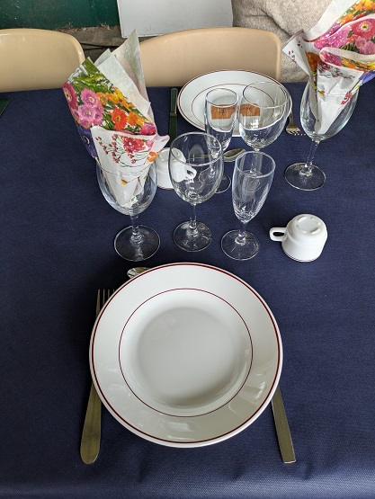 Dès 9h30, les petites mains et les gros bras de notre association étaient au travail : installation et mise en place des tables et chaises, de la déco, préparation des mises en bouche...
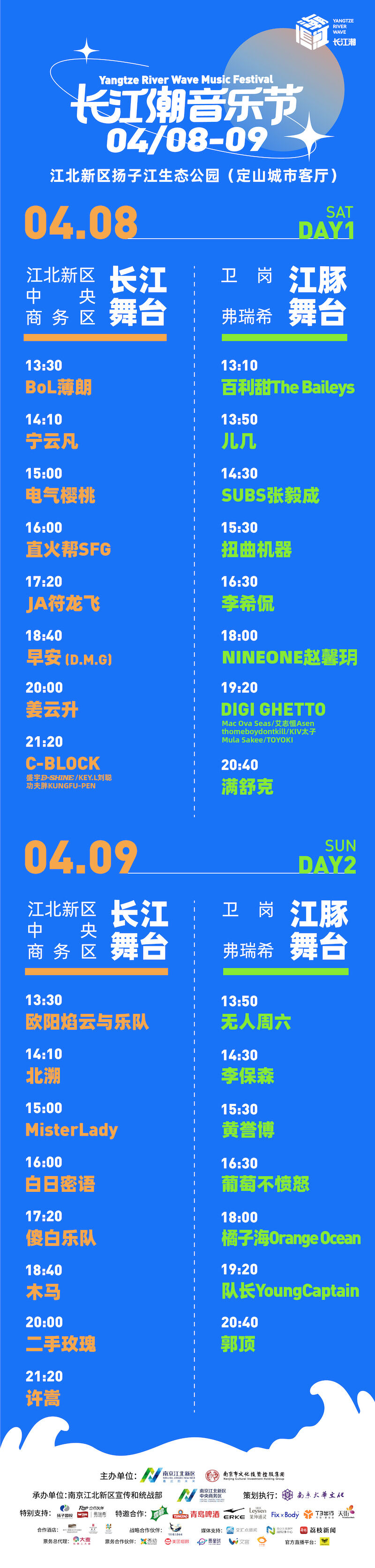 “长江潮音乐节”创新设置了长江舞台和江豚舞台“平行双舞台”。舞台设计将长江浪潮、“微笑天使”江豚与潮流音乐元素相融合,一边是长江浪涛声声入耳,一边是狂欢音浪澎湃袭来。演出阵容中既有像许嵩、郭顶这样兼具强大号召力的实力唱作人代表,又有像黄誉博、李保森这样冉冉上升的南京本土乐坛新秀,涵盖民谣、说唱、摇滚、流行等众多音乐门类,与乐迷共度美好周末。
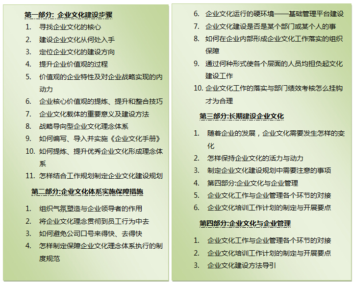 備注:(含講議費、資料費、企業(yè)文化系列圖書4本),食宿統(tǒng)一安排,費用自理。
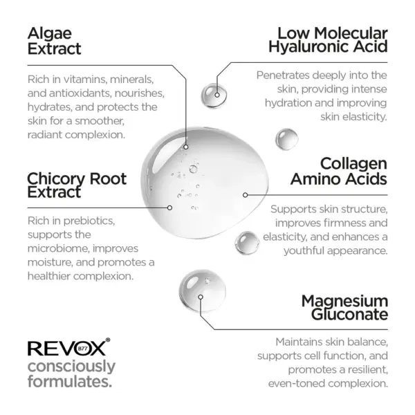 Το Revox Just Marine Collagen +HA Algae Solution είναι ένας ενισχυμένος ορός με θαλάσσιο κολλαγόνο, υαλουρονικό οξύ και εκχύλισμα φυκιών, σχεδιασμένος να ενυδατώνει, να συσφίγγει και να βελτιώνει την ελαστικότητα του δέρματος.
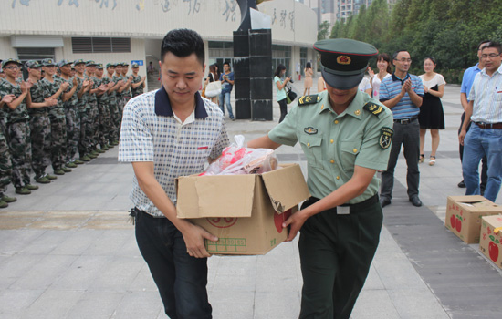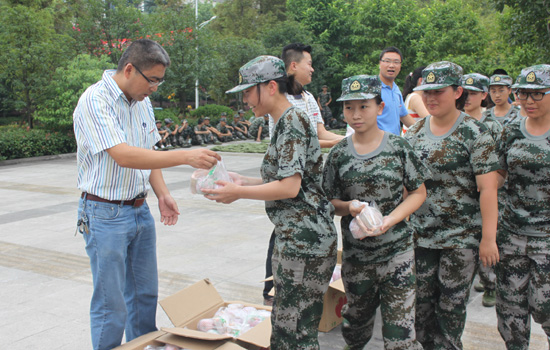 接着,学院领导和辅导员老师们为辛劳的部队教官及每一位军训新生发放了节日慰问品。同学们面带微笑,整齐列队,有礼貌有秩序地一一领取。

What is required:
Starting at the line that holds "備注:(含講議費、資料費、企" and ending at the last line of the material above, repeat each line exactly, both ends included, and leave the pictures out.

Answer area:
 備注:(含講議費、資料費、企業(yè)文化系列圖書4本),食宿統(tǒng)一安排,費用自理。
 Το Revox Just Marine Collagen +HA Algae Solution είναι ένας ενισχυμένος ορός με θαλάσσιο κολλαγόνο, υαλουρονικό οξύ και εκχύλισμα φυκιών, σχεδιασμένος να ενυδατώνει, να συσφίγγει και να βελτιώνει την ελαστικότητα του δέρματος.
 接着,学院领导和辅导员老师们为辛劳的部队教官及每一位军训新生发放了节日慰问品。同学们面带微笑,整齐列队,有礼貌有秩序地一一领取。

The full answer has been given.